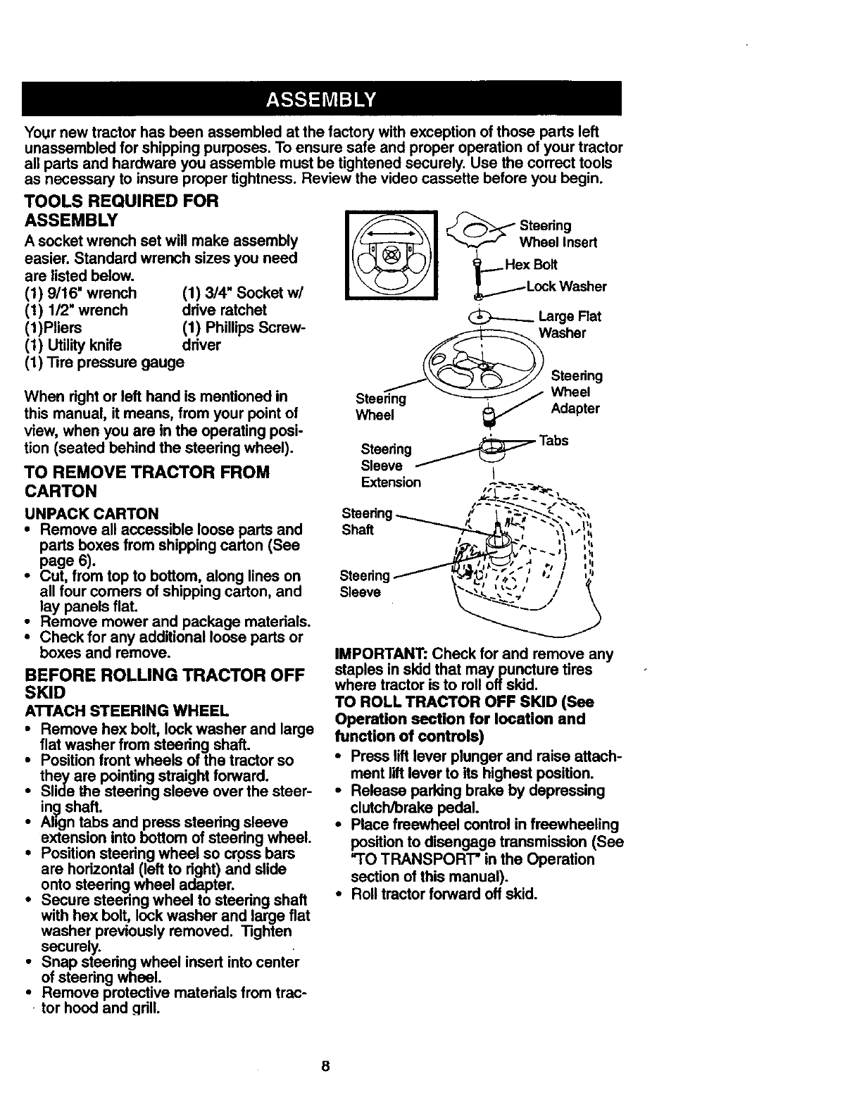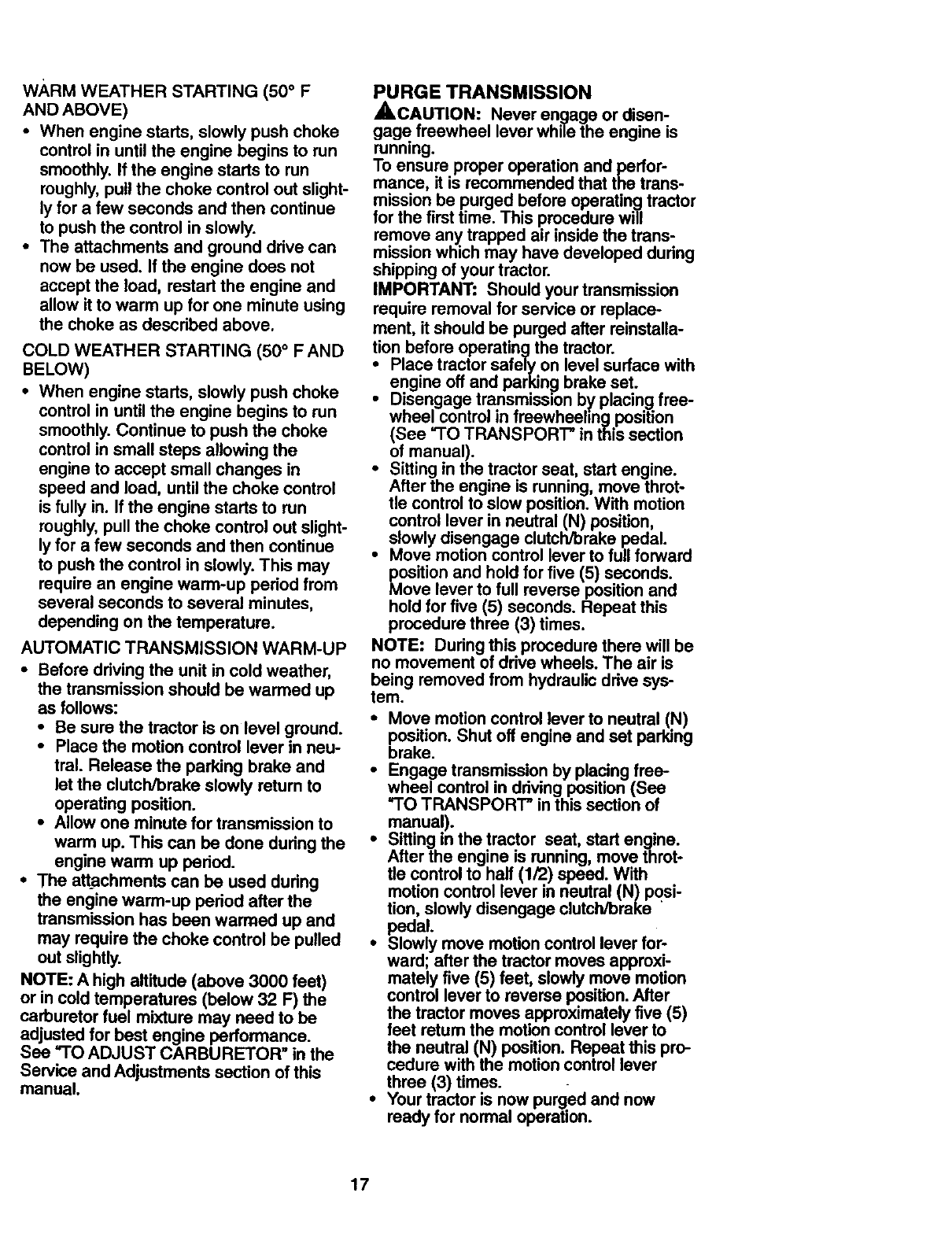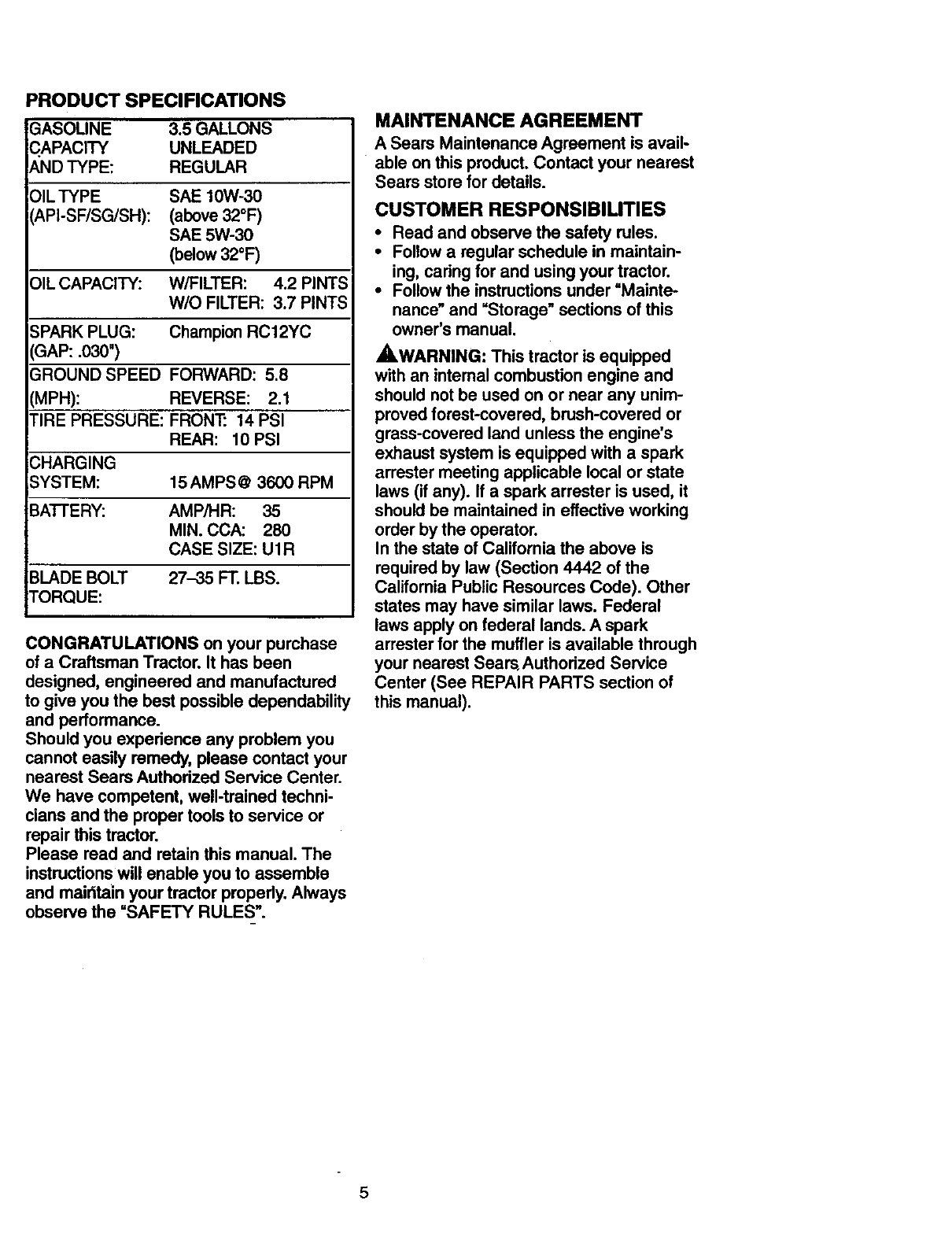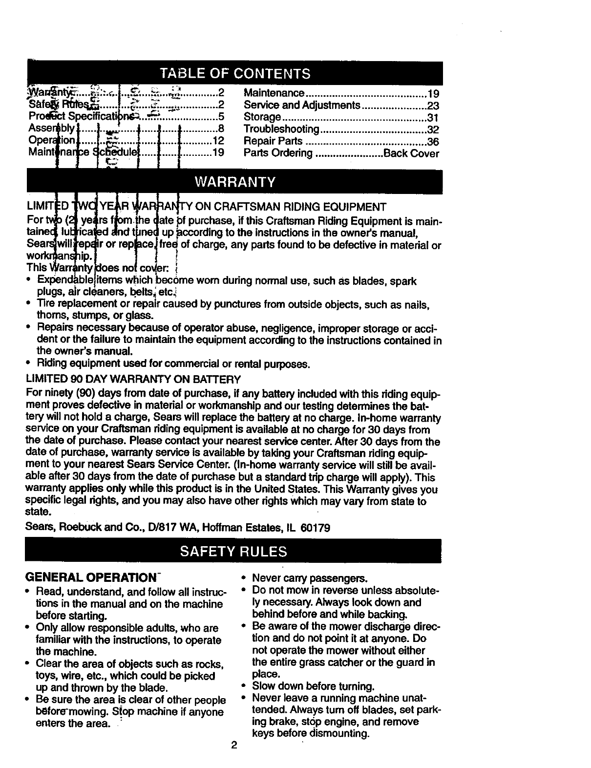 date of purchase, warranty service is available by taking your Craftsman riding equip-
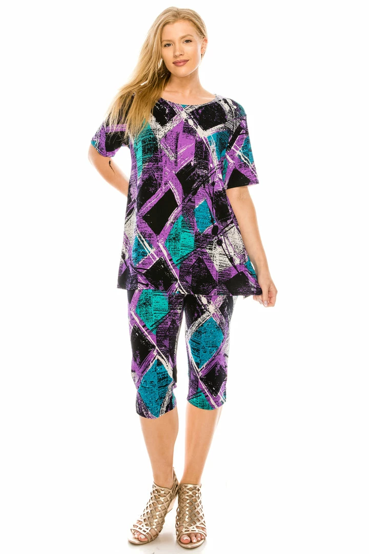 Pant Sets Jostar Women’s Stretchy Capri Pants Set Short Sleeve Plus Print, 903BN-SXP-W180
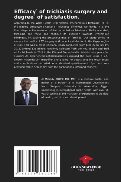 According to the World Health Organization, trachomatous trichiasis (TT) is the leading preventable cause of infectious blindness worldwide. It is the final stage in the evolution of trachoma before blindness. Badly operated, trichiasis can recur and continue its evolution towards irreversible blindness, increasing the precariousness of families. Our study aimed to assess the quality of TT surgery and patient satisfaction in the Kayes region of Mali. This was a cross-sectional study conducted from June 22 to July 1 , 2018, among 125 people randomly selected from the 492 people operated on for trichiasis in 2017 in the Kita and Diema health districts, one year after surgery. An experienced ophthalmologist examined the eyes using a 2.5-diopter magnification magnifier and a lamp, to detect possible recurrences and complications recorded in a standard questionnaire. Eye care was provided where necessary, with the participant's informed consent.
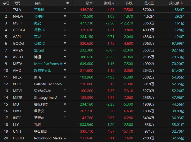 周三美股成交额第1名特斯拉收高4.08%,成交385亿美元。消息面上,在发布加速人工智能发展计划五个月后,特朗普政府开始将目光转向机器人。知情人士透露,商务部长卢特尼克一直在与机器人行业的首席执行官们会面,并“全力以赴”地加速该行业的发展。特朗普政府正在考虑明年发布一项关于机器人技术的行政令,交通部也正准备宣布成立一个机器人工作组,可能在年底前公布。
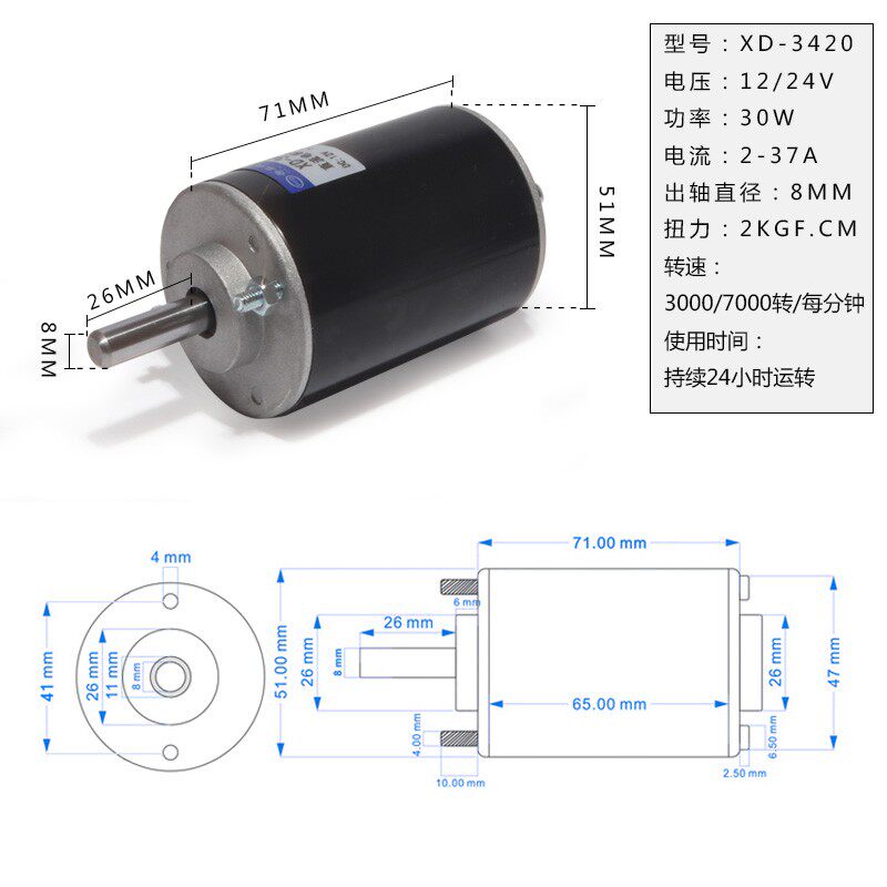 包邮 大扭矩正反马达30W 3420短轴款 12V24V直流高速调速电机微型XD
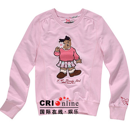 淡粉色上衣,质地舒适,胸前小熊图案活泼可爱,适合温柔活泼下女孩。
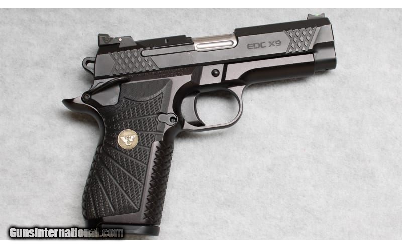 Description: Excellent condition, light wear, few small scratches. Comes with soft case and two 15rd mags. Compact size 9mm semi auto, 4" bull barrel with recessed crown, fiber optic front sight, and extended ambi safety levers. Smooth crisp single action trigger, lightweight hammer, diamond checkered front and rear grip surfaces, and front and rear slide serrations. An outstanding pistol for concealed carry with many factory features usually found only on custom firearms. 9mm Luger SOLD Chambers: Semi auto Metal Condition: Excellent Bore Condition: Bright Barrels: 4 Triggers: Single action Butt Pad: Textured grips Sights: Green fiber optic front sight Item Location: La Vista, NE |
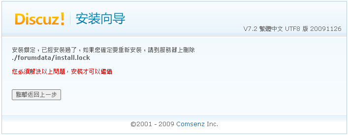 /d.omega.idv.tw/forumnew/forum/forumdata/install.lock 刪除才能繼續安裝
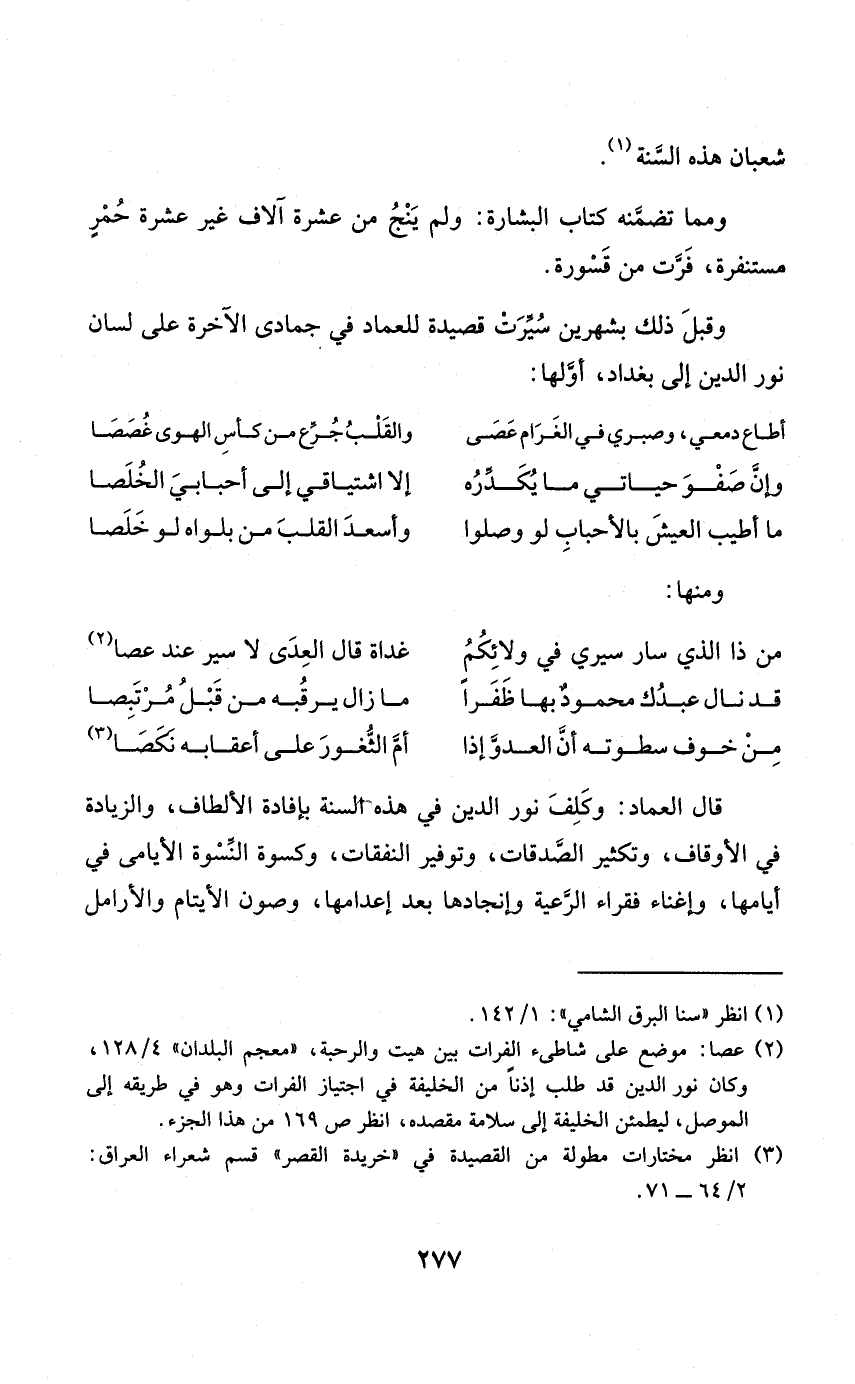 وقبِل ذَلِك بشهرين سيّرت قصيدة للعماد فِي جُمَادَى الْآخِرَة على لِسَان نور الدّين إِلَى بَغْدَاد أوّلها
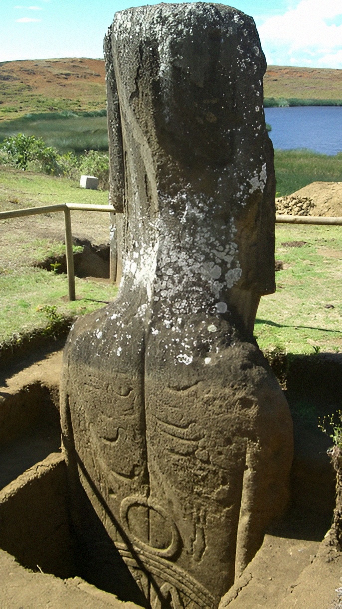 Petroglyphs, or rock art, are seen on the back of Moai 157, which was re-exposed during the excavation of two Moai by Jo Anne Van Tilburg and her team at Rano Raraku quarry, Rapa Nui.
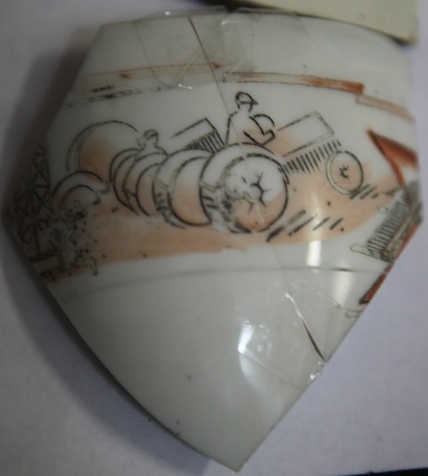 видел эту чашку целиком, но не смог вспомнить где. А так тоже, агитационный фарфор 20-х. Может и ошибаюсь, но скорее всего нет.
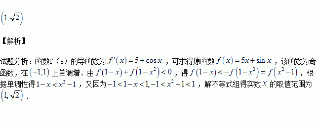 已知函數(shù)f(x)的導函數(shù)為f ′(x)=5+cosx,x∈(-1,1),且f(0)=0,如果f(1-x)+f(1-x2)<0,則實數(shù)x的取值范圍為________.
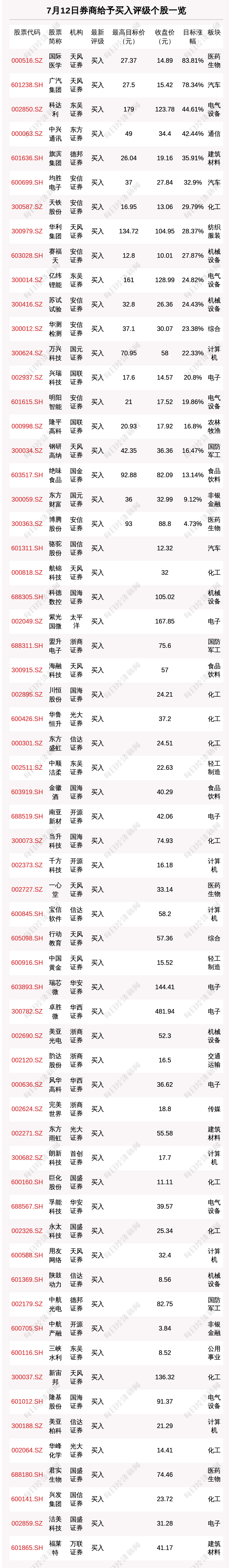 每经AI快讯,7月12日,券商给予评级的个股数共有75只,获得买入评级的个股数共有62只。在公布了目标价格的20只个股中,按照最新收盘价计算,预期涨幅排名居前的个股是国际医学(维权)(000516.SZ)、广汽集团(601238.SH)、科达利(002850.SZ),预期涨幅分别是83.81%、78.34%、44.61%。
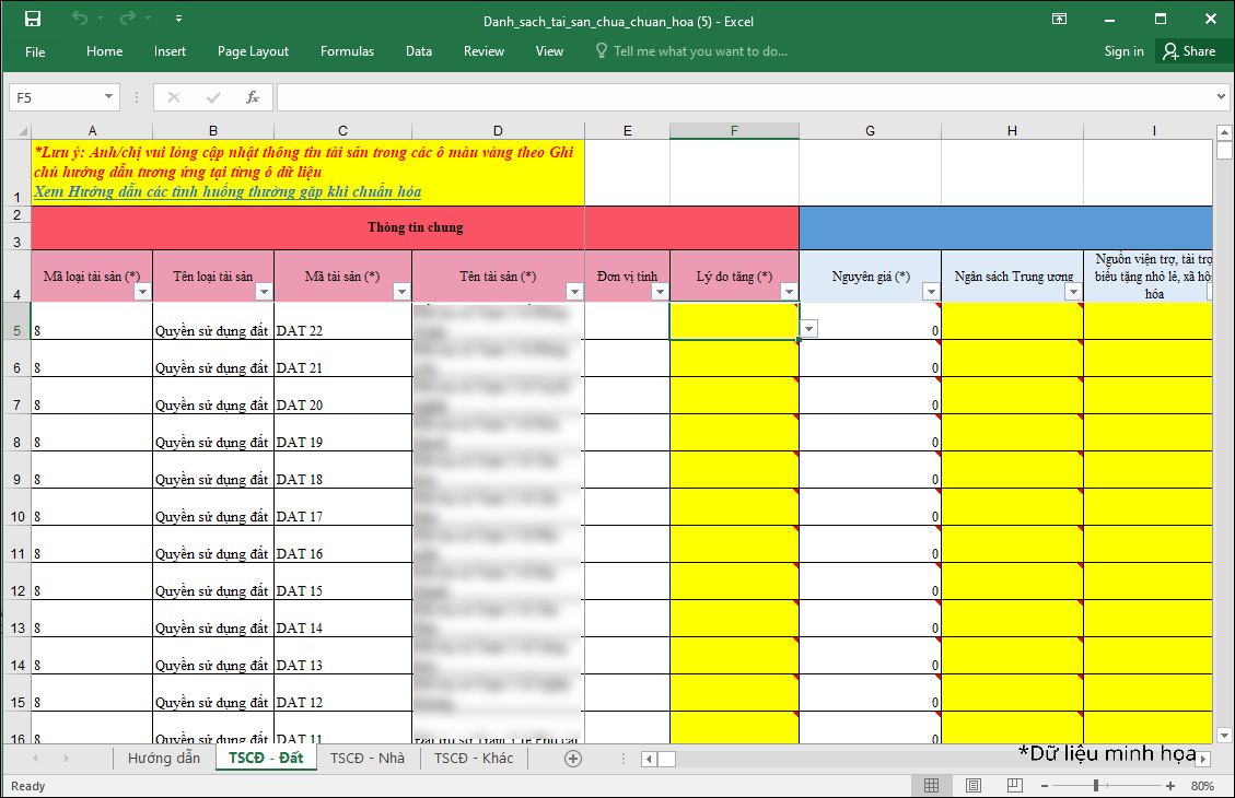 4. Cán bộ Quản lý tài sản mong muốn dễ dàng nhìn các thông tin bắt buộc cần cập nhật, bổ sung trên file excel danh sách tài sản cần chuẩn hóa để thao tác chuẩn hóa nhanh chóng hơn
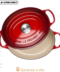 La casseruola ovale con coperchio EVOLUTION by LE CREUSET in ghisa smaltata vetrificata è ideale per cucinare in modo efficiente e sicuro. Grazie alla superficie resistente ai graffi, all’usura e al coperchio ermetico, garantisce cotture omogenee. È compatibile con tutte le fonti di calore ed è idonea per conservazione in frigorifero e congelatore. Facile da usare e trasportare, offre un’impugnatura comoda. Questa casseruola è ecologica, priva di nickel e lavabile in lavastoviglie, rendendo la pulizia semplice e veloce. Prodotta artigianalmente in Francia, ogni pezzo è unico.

———

__Assignment__: The expected answer is an exact copy of the lines from the one containing "видел эту чашку" through the last line of the entries above, both included, without pictures.

__Solved exercise__:
 видел эту чашку целиком, но не смог вспомнить где. А так тоже, агитационный фарфор 20-х. Может и ошибаюсь, но скорее всего нет.
 已知函數(shù)f(x)的導函數(shù)為f ′(x)=5+cosx,x∈(-1,1),且f(0)=0,如果f(1-x)+f(1-x2)<0,則實數(shù)x的取值范圍為________.
 每经AI快讯,7月12日,券商给予评级的个股数共有75只,获得买入评级的个股数共有62只。在公布了目标价格的20只个股中,按照最新收盘价计算,预期涨幅排名居前的个股是国际医学(维权)(000516.SZ)、广汽集团(601238.SH)、科达利(002850.SZ),预期涨幅分别是83.81%、78.34%、44.61%。
 4. Cán bộ Quản lý tài sản mong muốn dễ dàng nhìn các thông tin bắt buộc cần cập nhật, bổ sung trên file excel danh sách tài sản cần chuẩn hóa để thao tác chuẩn hóa nhanh chóng hơn
 La casseruola ovale con coperchio EVOLUTION by LE CREUSET in ghisa smaltata vetrificata è ideale per cucinare in modo efficiente e sicuro. Grazie alla superficie resistente ai graffi, all’usura e al coperchio ermetico, garantisce cotture omogenee. È compatibile con tutte le fonti di calore ed è idonea per conservazione in frigorifero e congelatore. Facile da usare e trasportare, offre un’impugnatura comoda. Questa casseruola è ecologica, priva di nickel e lavabile in lavastoviglie, rendendo la pulizia semplice e veloce. Prodotta artigianalmente in Francia, ogni pezzo è unico.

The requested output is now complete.